Guest Post: How Twitter Made Me a Better Social Networker

Today’s post is by Linden, one of my best friends. She and I share the same love for the Internet, Google, and Web 2.0, so when she jumped on the Twitter train, I asked her to convince me to make the jump, too. Here’s what she had to say:

What are you doing right now?Almost every single blog post I’ve read about Twitter highlights the fact that it is made for “micro-blogging” by allowing users to use only 140 characters in which to write their answer to the question “What are you doing now?”

When Twitter was new, many people asked right back, “Why should I care about this, another new fad site? The frenzy will die out in a few months.” It was even called “the Seinfeld of the internet … a website about nothing.” Some have touted it as a marketing tool: Sign up, get people to “follow” you, they will see your “tweets,” and boom! Free advertising for your site or product. And with the ability to send (by texting to 40404) and receive tweets via SMS, it’s highly mobile: A connection to the Internet for those of us too cheap to pay for Internet on our non-iPhone, non-Blackberry, plain old cell phones.
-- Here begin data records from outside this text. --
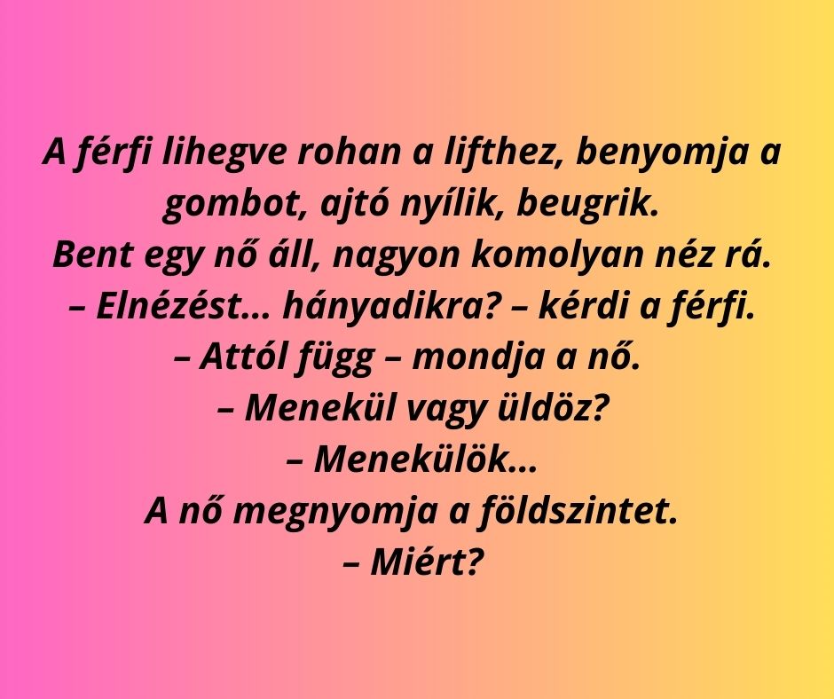 – Attól függ – mondja a nő. – Menekül vagy üldöz?
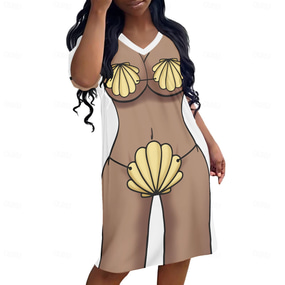rochie de acoperire cămașă de bikini pentru femei amuzant drăguț imprimeu bikini pentru costume de baie cu mânecă scurtă grafic 3d costum de baie largi
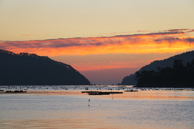 山田湾の日の出と養殖イカダ
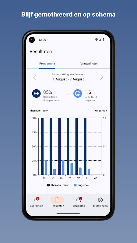 Krijg ondersteuning bij de uitvoering van uw oefeningen, lees het voorlichtingsmateriaal en vul vragenlijsten in dankzij notificaties binnen de app.
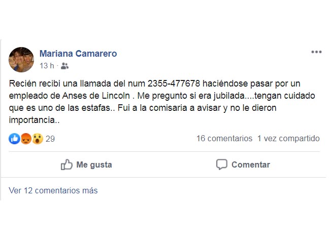 «Recién recibi una llamada del num 2355-477678 haciéndose pasar por un empleado de Anses de Lincoln . Me pregunto si era jubilada….tengan cuidado que es uno de las estafas.. Fui a la comisaria a avisar y no le dieron importancia..»

But I don’t use Twitter in any of those ways. Well, I do use it for a little blog marketing, but mostly I use it for its seamless integration with Facebook, my preferred social networking site.

Free Blog Advertisement

I’ve got a blog. And I want readers. I can’t really explain why because I am not Penelope Trunk, who is an expert in her field and probably makes tons of money with her posts, and I’m not Half-Fast, who writes a funny blog dedicated to the topic of running and has even posted on the main Complete Running Network site. My blog is about my life in Germany, with some running, travel, and cool technology posts in the mix.
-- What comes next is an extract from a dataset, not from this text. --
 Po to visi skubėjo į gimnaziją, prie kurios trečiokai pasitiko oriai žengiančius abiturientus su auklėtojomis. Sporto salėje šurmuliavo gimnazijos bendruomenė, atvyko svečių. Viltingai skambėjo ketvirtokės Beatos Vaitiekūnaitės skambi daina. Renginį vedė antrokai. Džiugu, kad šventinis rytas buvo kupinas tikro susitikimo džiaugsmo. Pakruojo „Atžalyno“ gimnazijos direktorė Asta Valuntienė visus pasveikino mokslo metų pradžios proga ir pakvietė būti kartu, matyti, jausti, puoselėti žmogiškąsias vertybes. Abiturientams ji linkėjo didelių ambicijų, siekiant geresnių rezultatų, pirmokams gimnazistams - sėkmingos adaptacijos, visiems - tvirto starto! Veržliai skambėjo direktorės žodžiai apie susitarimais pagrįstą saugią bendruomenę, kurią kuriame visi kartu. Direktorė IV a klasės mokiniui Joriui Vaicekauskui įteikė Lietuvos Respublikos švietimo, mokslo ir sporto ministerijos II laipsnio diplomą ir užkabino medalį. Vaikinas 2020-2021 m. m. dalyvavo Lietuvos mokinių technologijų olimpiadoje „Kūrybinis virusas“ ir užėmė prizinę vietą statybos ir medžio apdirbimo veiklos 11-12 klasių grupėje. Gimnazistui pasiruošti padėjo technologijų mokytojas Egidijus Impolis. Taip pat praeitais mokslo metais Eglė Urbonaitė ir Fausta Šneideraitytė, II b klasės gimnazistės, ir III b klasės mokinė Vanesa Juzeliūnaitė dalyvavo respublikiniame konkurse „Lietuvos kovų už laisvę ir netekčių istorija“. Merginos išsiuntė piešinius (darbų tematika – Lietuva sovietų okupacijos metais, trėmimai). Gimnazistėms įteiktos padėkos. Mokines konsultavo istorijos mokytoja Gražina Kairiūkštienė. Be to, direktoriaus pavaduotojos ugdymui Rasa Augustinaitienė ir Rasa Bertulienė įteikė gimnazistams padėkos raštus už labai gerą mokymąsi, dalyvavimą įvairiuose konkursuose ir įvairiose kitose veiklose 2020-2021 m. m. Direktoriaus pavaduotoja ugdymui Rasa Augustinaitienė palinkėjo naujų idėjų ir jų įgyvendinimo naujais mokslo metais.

But I want readers because I like writing posts more when I know people are reading them. So every time I publish a new blog post, I tweet it. This sends it automatically to any followers I have, publishes it in the Twitter public timeline, and sends it off to my Facebook status.
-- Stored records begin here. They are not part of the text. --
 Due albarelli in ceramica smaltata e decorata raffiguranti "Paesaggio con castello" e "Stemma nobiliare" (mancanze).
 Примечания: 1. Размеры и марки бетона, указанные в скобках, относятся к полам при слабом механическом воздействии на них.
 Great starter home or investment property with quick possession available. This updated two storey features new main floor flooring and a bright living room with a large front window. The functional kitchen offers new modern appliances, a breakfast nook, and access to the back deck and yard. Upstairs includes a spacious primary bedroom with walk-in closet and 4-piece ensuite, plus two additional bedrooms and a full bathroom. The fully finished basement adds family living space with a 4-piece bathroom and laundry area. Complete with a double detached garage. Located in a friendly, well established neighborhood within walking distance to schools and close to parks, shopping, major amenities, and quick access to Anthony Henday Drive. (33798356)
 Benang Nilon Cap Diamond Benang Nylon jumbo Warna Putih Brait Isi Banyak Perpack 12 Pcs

Twitter–Facebook Integration

Once you’ve added the Twitter application and given it permission to update your Facebook status, you can update without logging into the Facebook website.

I love this. I have added twitter@twitter.com to my Gmail chat contacts, so right from inside Gmail I can simultaneously advertise my newest blog post on Twitter and Facebook. Oh, and I can update my Facebook status much more often than I ever did before. (FYI: I am currently using Digsby for all my IMing needs, so look forward to a corresponding Cool Technology post soon!)

“So what?” you ask. I personally like the Facebook status idea: a mini-snapshot of what my friends are thinking and doing. A great way to ask questions, interact with other people’s statuses, and have fun conversations between a group of friends. Hmmm. Sounds a lot like Twitter.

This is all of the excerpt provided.